Would it be possible to output exactly, and only, the lines below from the one holding "This bottle opener" to the last line, both included, with every picture left out?

* **INPUT DATA**:
· · ·

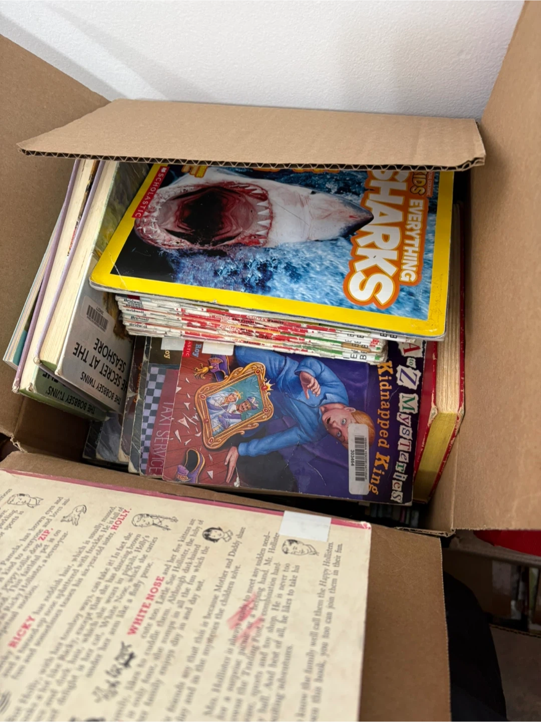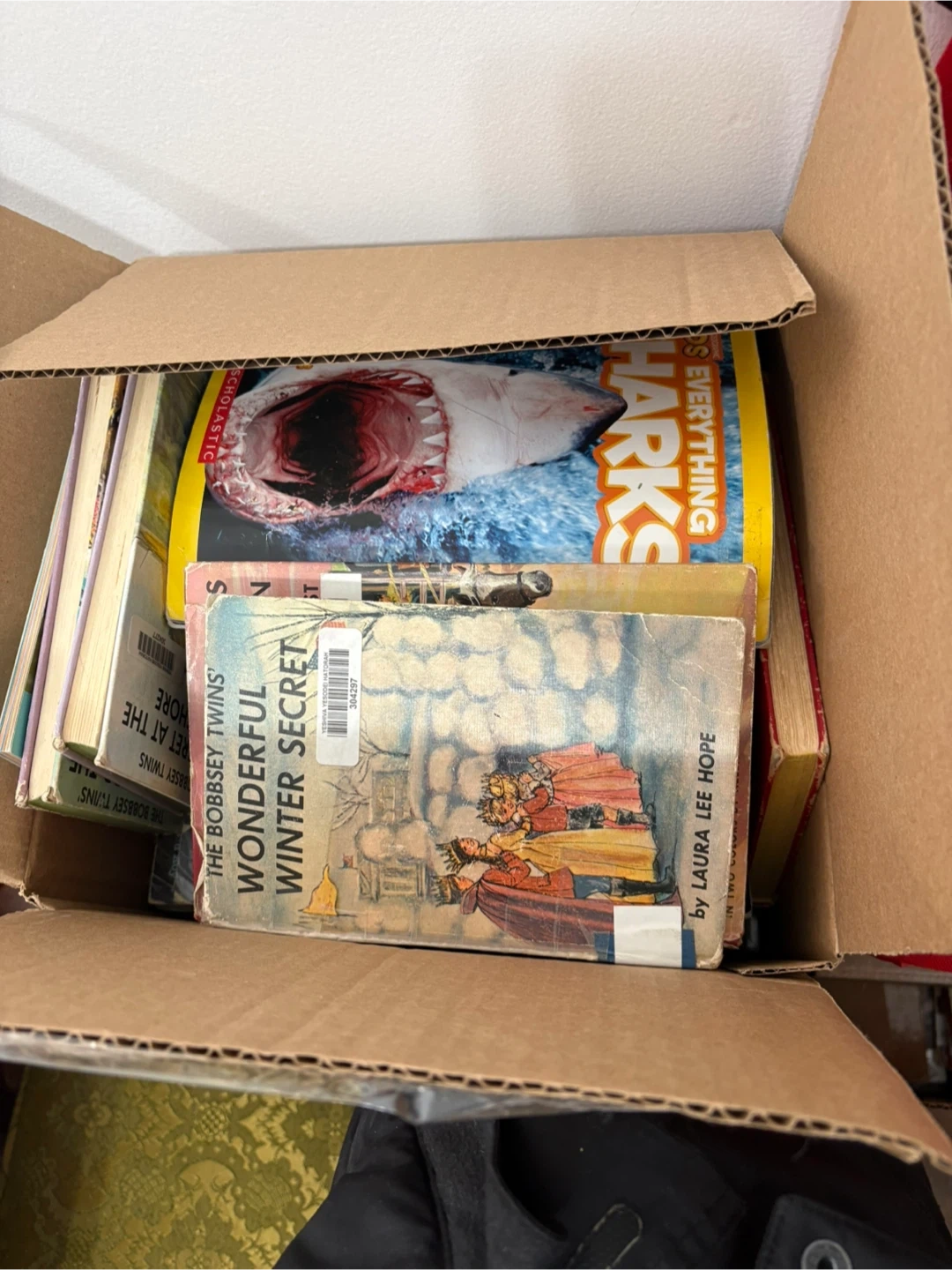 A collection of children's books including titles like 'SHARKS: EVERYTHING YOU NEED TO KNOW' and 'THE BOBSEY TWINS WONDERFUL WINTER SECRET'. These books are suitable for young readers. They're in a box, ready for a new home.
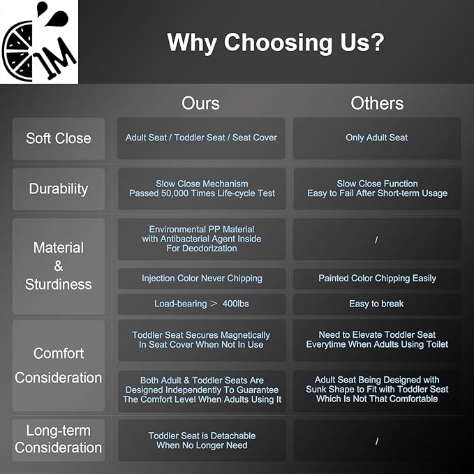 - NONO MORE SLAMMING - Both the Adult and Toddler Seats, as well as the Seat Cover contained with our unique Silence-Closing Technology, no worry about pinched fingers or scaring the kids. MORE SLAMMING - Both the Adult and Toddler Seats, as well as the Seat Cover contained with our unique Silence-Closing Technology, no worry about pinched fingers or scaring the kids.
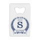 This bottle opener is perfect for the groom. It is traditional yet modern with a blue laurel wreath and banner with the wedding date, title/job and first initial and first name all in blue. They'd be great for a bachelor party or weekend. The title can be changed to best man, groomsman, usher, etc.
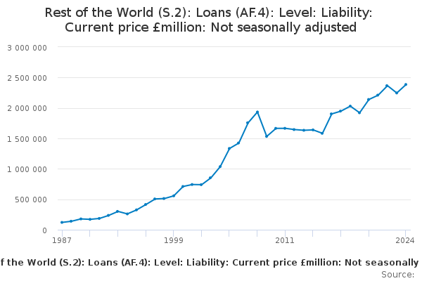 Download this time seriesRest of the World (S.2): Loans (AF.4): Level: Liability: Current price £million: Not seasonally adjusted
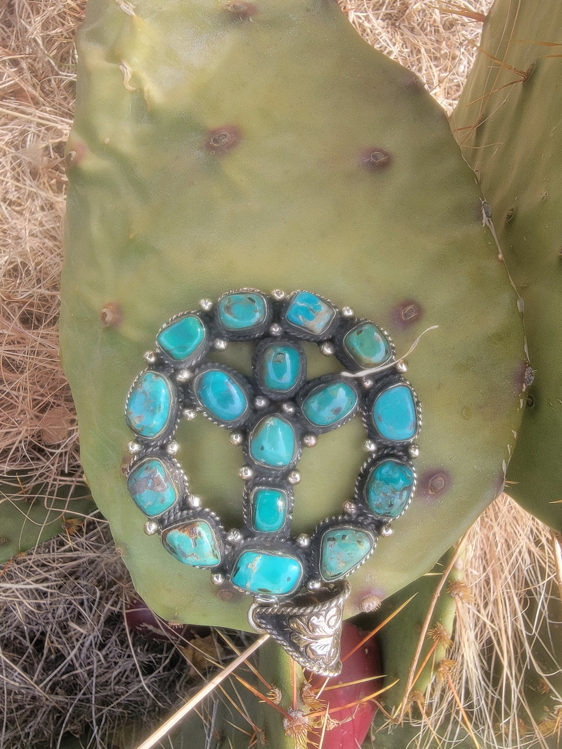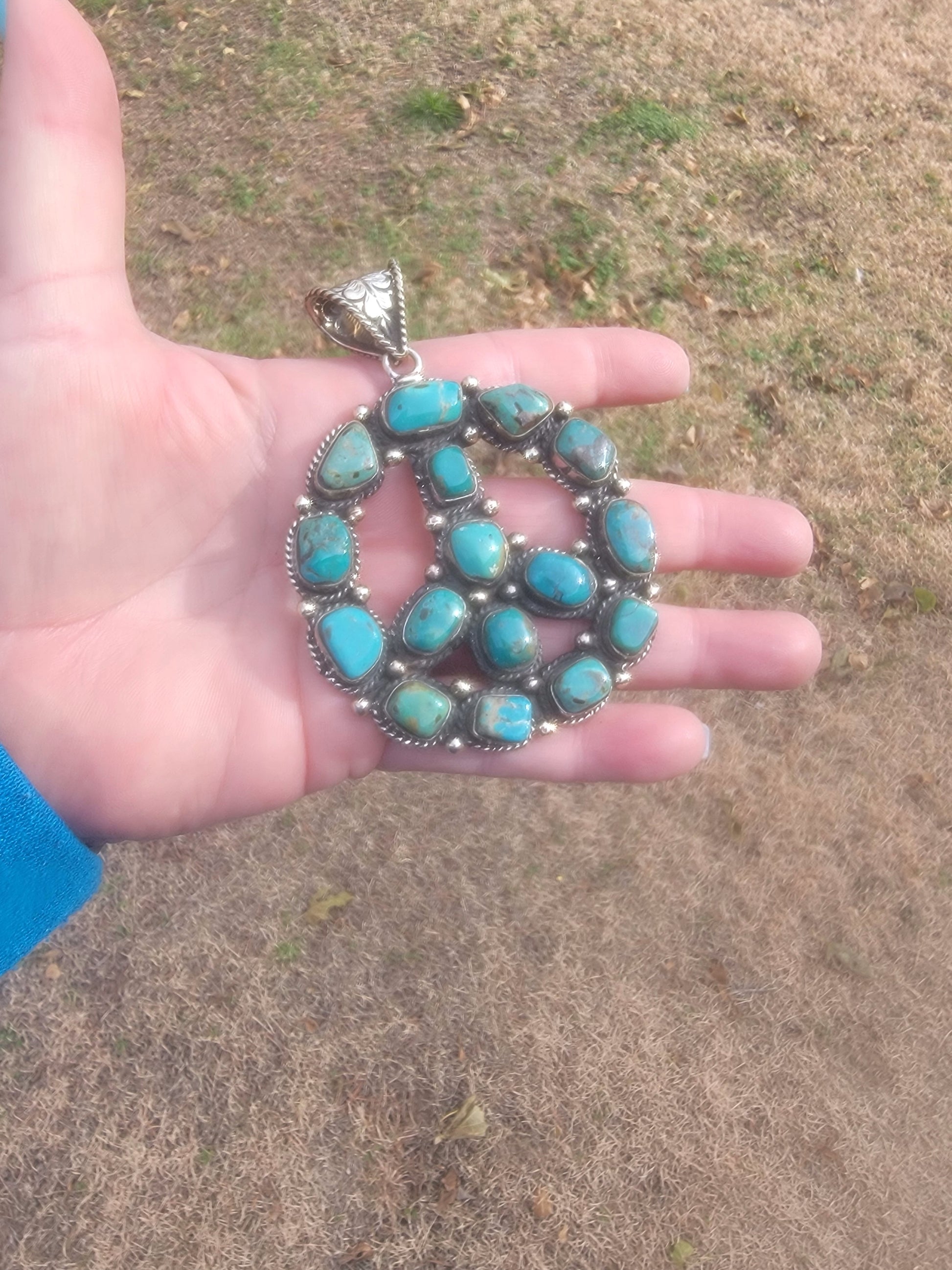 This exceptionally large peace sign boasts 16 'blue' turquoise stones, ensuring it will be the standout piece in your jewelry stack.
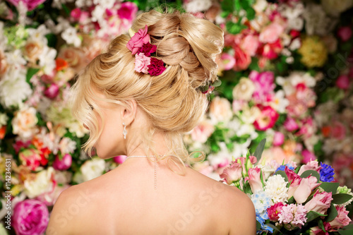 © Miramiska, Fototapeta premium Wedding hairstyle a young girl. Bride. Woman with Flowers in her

· · ·

* **SOLUTION BELOW**:
 This bottle opener is perfect for the groom. It is traditional yet modern with a blue laurel wreath and banner with the wedding date, title/job and first initial and first name all in blue. They'd be great for a bachelor party or weekend. The title can be changed to best man, groomsman, usher, etc.
 Download this time seriesRest of the World (S.2): Loans (AF.4): Level: Liability: Current price £million: Not seasonally adjusted
 This exceptionally large peace sign boasts 16 'blue' turquoise stones, ensuring it will be the standout piece in your jewelry stack.
 © Miramiska, Fototapeta premium Wedding hairstyle a young girl. Bride. Woman with Flowers in her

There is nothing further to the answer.